- **Input records**
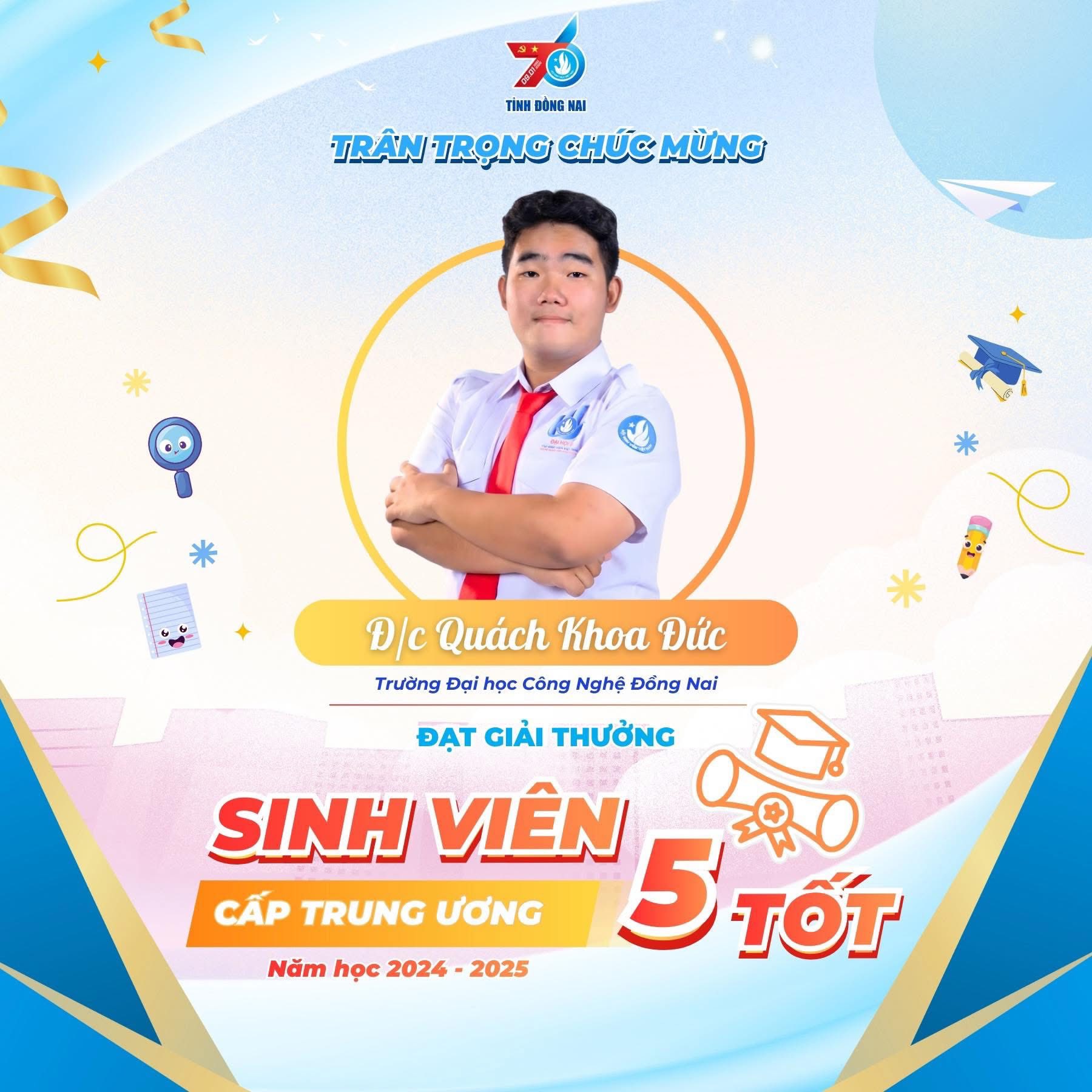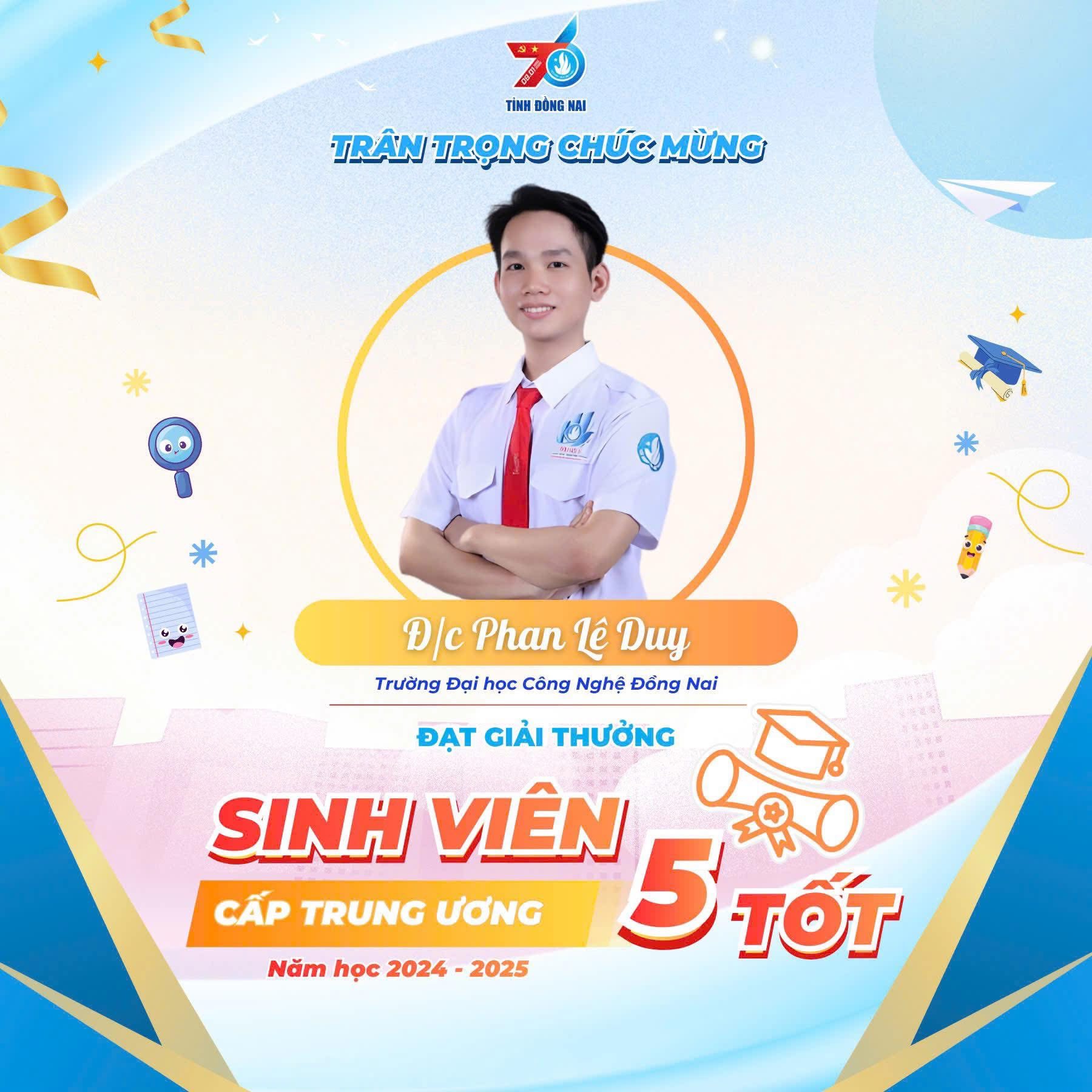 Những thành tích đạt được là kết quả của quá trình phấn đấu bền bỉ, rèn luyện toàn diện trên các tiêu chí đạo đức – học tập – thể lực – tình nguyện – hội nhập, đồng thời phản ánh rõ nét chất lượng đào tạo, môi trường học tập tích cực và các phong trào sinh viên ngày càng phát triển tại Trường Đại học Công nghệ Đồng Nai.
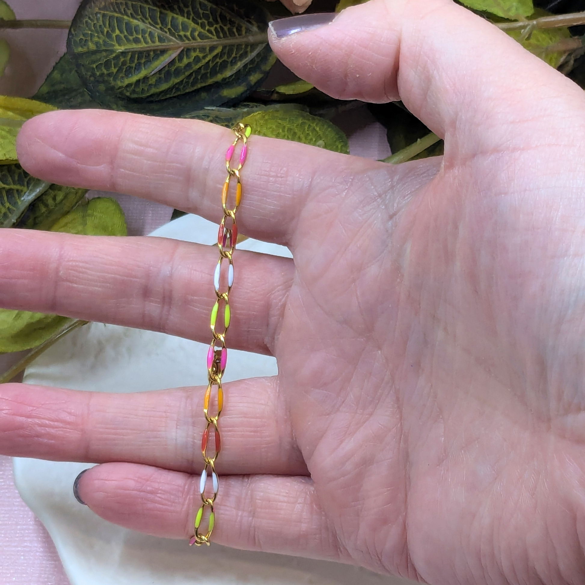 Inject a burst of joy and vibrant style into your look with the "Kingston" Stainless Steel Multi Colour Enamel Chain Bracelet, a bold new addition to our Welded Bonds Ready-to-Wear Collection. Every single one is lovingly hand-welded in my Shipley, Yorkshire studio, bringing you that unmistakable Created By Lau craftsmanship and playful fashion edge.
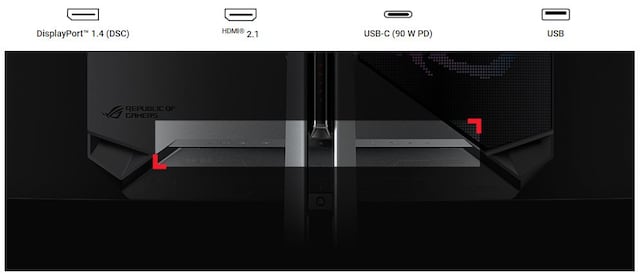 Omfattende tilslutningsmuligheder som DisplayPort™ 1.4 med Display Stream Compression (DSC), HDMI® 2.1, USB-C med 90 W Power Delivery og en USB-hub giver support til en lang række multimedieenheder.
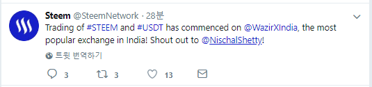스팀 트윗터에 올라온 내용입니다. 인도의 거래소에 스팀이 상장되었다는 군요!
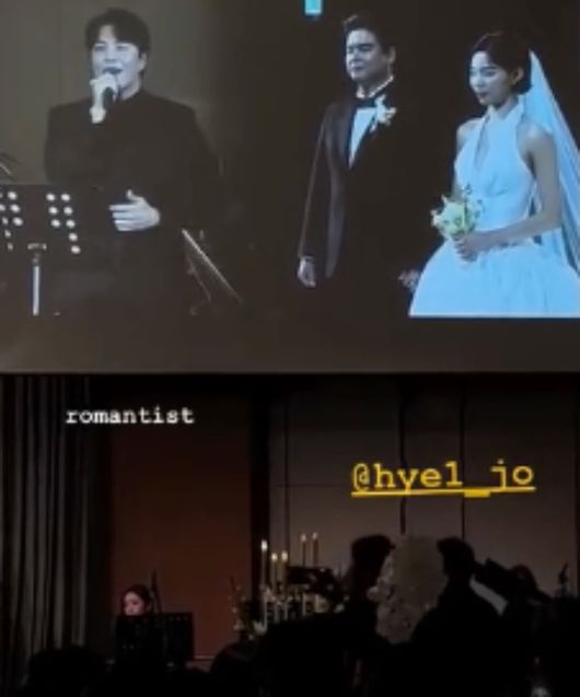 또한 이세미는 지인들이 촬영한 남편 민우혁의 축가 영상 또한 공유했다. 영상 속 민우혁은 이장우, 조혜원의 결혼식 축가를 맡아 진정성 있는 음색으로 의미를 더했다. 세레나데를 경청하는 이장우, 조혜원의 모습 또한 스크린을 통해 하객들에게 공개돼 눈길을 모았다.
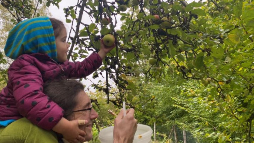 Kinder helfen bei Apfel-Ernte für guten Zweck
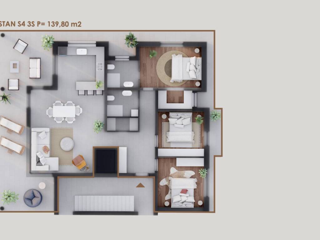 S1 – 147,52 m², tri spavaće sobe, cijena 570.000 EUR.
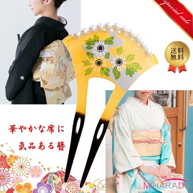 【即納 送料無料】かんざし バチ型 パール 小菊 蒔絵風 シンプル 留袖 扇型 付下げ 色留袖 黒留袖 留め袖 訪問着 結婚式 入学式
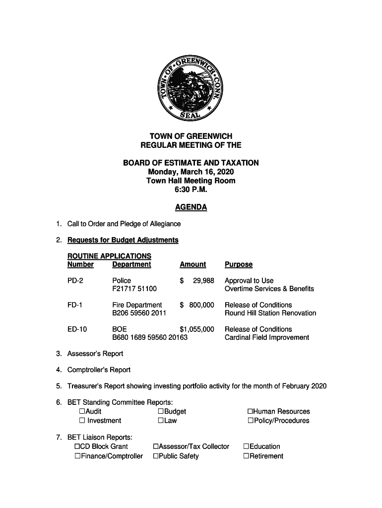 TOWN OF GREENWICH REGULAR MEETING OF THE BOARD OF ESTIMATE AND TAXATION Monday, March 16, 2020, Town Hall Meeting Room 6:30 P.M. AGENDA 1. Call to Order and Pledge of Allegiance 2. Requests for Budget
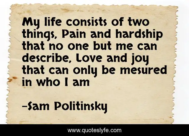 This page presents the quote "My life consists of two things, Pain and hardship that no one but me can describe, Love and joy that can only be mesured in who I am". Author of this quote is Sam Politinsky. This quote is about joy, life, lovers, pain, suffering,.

- **The problem**
Copy the records exactly as they appear, leaving every picture out.

- **Answer area**
 Những thành tích đạt được là kết quả của quá trình phấn đấu bền bỉ, rèn luyện toàn diện trên các tiêu chí đạo đức – học tập – thể lực – tình nguyện – hội nhập, đồng thời phản ánh rõ nét chất lượng đào tạo, môi trường học tập tích cực và các phong trào sinh viên ngày càng phát triển tại Trường Đại học Công nghệ Đồng Nai.
 Inject a burst of joy and vibrant style into your look with the "Kingston" Stainless Steel Multi Colour Enamel Chain Bracelet, a bold new addition to our Welded Bonds Ready-to-Wear Collection. Every single one is lovingly hand-welded in my Shipley, Yorkshire studio, bringing you that unmistakable Created By Lau craftsmanship and playful fashion edge.
 Omfattende tilslutningsmuligheder som DisplayPort™ 1.4 med Display Stream Compression (DSC), HDMI® 2.1, USB-C med 90 W Power Delivery og en USB-hub giver support til en lang række multimedieenheder.
스팀 트윗터에 올라온 내용입니다. 인도의 거래소에 스팀이 상장되었다는 군요!
 또한 이세미는 지인들이 촬영한 남편 민우혁의 축가 영상 또한 공유했다. 영상 속 민우혁은 이장우, 조혜원의 결혼식 축가를 맡아 진정성 있는 음색으로 의미를 더했다. 세레나데를 경청하는 이장우, 조혜원의 모습 또한 스크린을 통해 하객들에게 공개돼 눈길을 모았다.
 Kinder helfen bei Apfel-Ernte für guten Zweck
 S1 – 147,52 m², tri spavaće sobe, cijena 570.000 EUR.
 【即納 送料無料】かんざし バチ型 パール 小菊 蒔絵風 シンプル 留袖 扇型 付下げ 色留袖 黒留袖 留め袖 訪問着 結婚式 入学式
 TOWN OF GREENWICH REGULAR MEETING OF THE BOARD OF ESTIMATE AND TAXATION Monday, March 16, 2020, Town Hall Meeting Room 6:30 P.M. AGENDA 1. Call to Order and Pledge of Allegiance 2. Requests for Budget
 This page presents the quote "My life consists of two things, Pain and hardship that no one but me can describe, Love and joy that can only be mesured in who I am". Author of this quote is Sam Politinsky. This quote is about joy, life, lovers, pain, suffering,.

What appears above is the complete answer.